Also available in Course Files > Handouts:

https://bcourses.berkeley.edu/courses/1477033/files/folder/Handouts

What aims should omnipotent artificial intelligence have?  An introduction to moral philosophy

Syllabus:

Jan. 22

The aim of this course is to apply moral philosophy to the ethical problems raised by collecting, inferring from, and acting on data, especially when these activities are automated and at a large scale.
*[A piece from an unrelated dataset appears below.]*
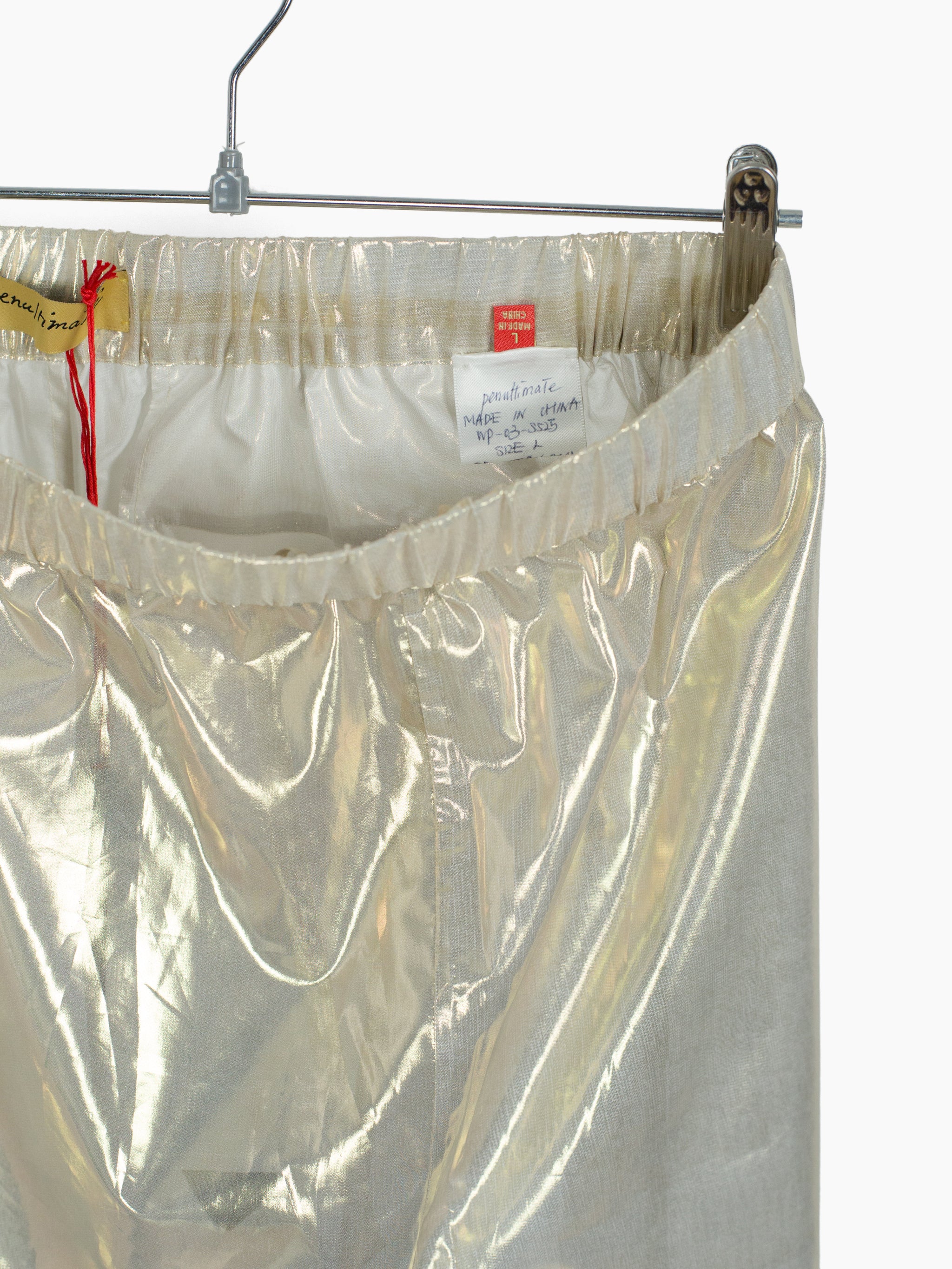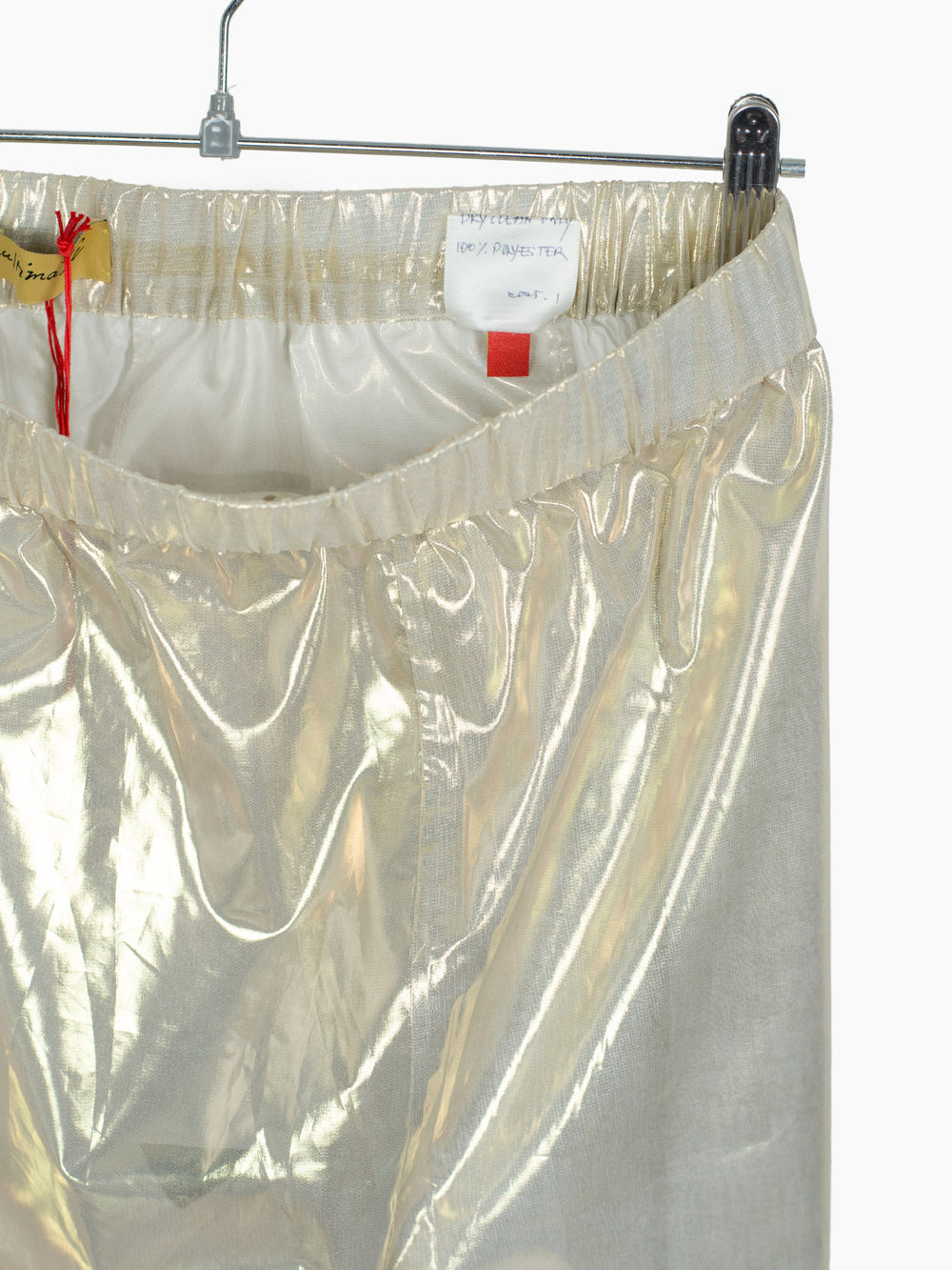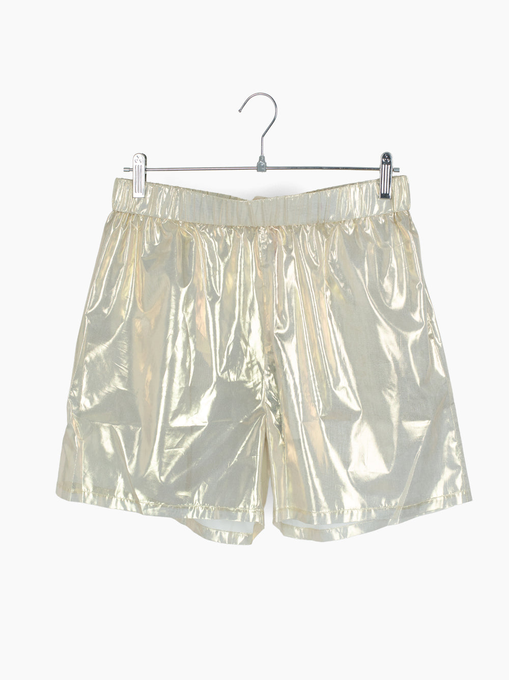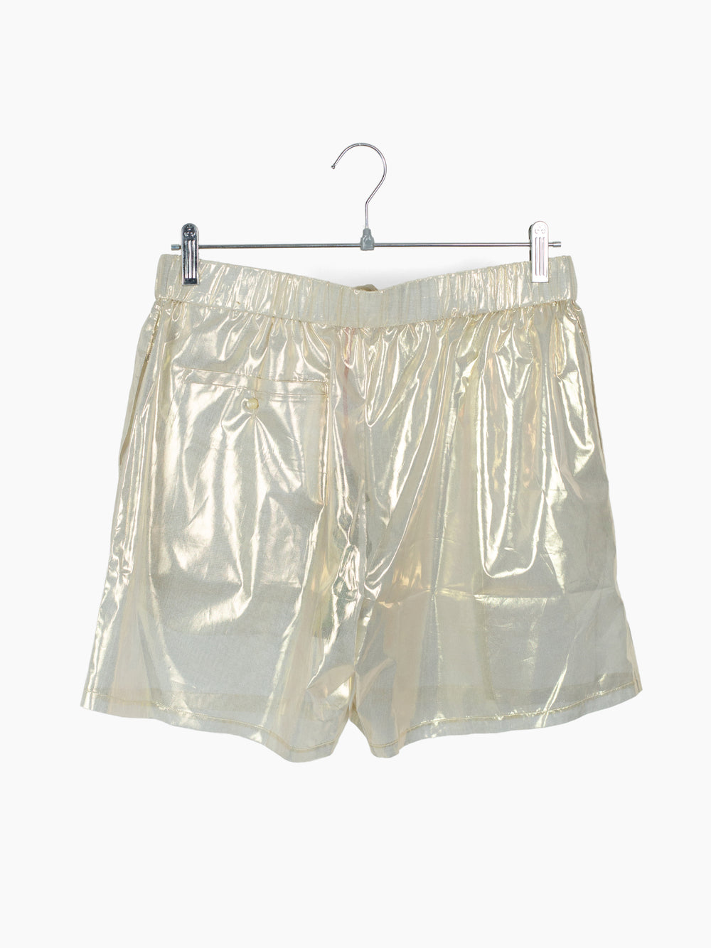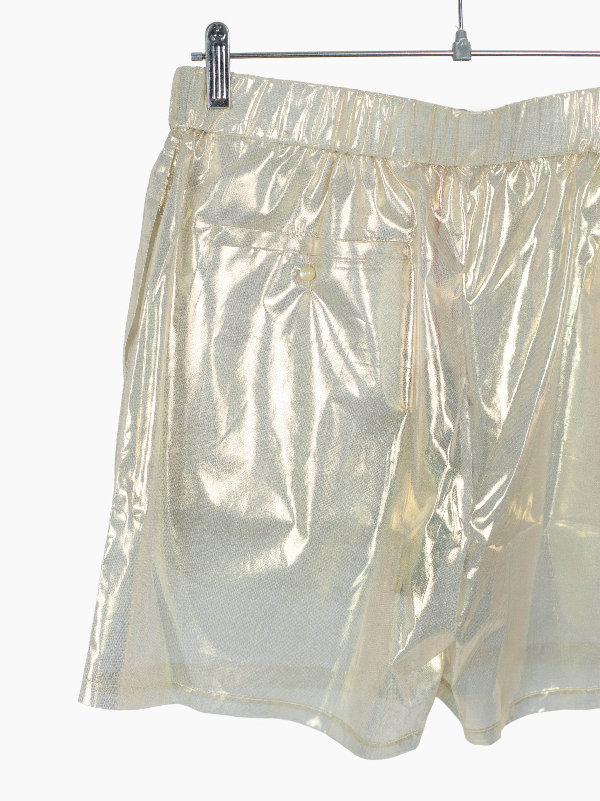 Sheer reflective gold foil shorts with short, activewear/underwear style inseam, two side hand pockets, single back bead-closed welt pocket, and elastic + drawstring waist.

By “applying moral philosophy,” we mean not only applying the doctrines that particular moral philosophers have espoused, but also, and more importantly, applying the methods of moral philosophy.

Perhaps the principal (and arguably the only) method starts with our clearer and more confident moral judgments about real or hypothetical particular cases: e.g., that a particular criminal sentence was unjust. It then works to formulate more basic and general values or principles that would justify those particular judgments and that, once articulated, strike us as genuinely important. If we’re lucky, the more basic and general values that we formulate then help us to arrive at settled judgments on less certain particular cases. But more often we find conflicts. Perhaps we can formulate values or principles that make sense of some of our particular judgments, but not others. Or perhaps the formulations, while capturing our particular judgments, don’t seem, on reflection, to be tracking anything important.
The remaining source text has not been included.